Trump lashed out against Taylor in a tweet this morning, mocking him as a “disgruntled employee” and a “real ‘stiff’”.
Pelosi dismisses delay to USPS changes as 'insufficient'
House speaker Nancy Pelosi issued a critical statement on Postmaster General Louis DeJoy’s decision to postpone operational changes to the US Postal Service until after the election.
The Democratic speaker described DeJoy’s decision as a “necessary but insufficient first step in ending the President’s election sabotage campaign.”

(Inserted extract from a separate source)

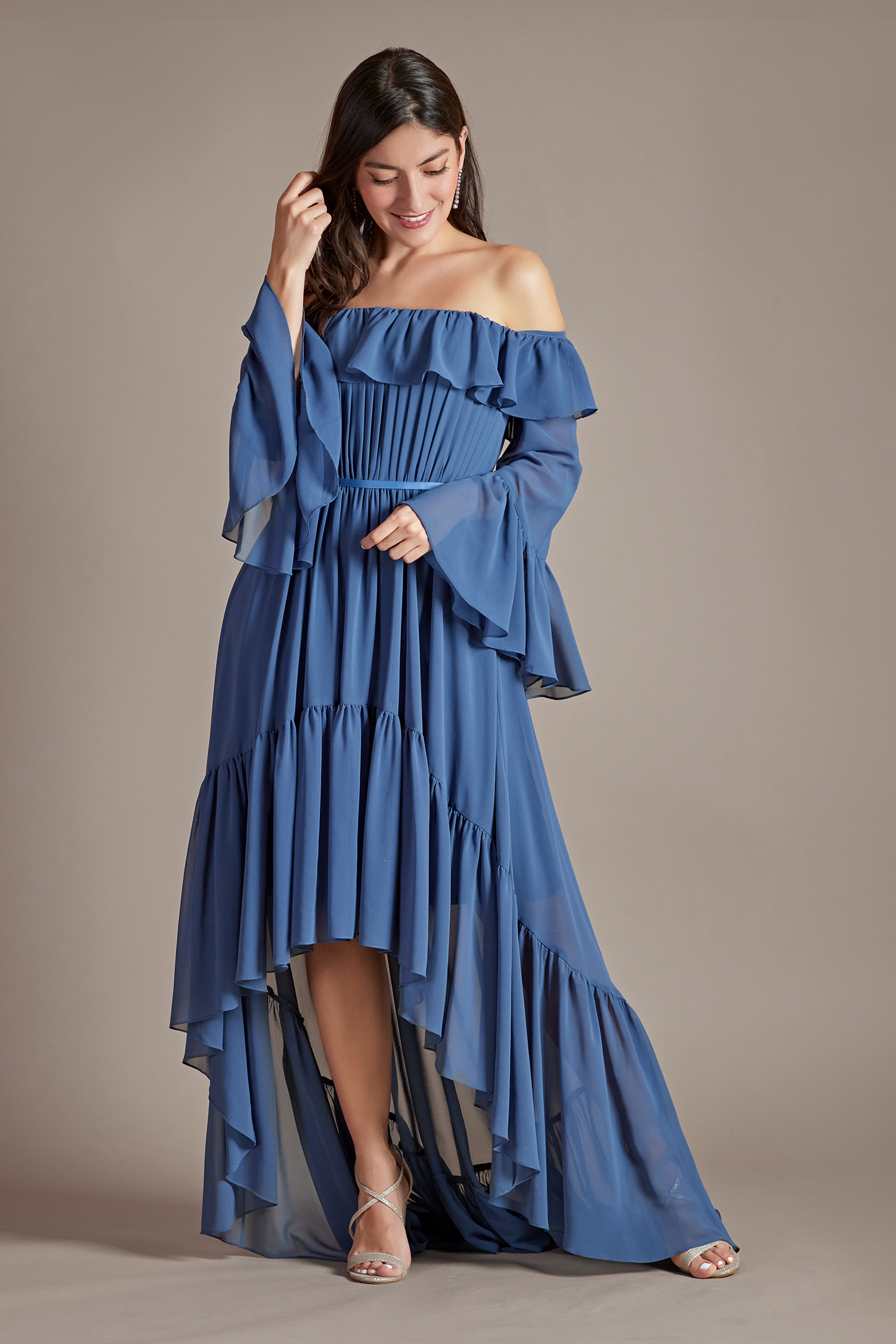 Roba suspiros con este hermoso vestido asimétrico de chifón con mangas largas al hombro y silueta recta. Sus delicados olanes y listón satinado en cintura, te harán lucir espectacular.

Nice try, Postmaster General DeJoy, but the House will still be passing our bill to ensure the delivery of the mail through the election. We will deliver for America by voting on Saturday. #DontMessWithUSPS
— Nancy Pelosi (@SpeakerPelosi) August 18, 2020
“This pause only halts a limited number of the Postmaster’s changes, does not reverse damage already done, and alone is not enough to ensure voters will not be disenfranchised by the President this fall,” Pelosi said.
The speaker noted the House would still vote Saturday on a bill aimed at maintaining USPS’ pre-pandemic level of operations. The House oversight committee will also hold a hearing with DeJoy on Monday.
“During a pandemic, the Postal Service is Election Central,” Pelosi said. “No one should be forced to choose between their health and their vote.”
Senate majority leader Mitch McConnell indicated Democratic calls to provide more funding to the US Postal Service may present an opportunity to reopen coronavirus relief negotiations.
But the Republican leader said he would not support a bill that only allocates more money to USPS.
“I don’t think we’ll pass, in the Senate, a postal-only bill,” McConnell told the Louisville Courier Journal.
Negotiations over the next coronavirus relief bill stalled earlier this month, after the White House and Democratic congressional leaders failed to reach an agreement on the overall cost of the package.
McConnell indicated the conflict over USPS could present a negotiating opportunity, but Democrats may be hesitant to make concessions on other aspects of the relief bill in order to fund mail services, which they have described as fundamental to US democracy.
House speaker Nancy Pelosi intends to hold a vote on a bill regarding USPS on Saturday.
The Guardian’s Sam Levine reports:
Postmaster General Louis DeJoy’s announcement that he was postponing operational changes to USPS came after days of heavy scrutiny and on the day more than 20 states were set to file a lawsuit challenging the changes.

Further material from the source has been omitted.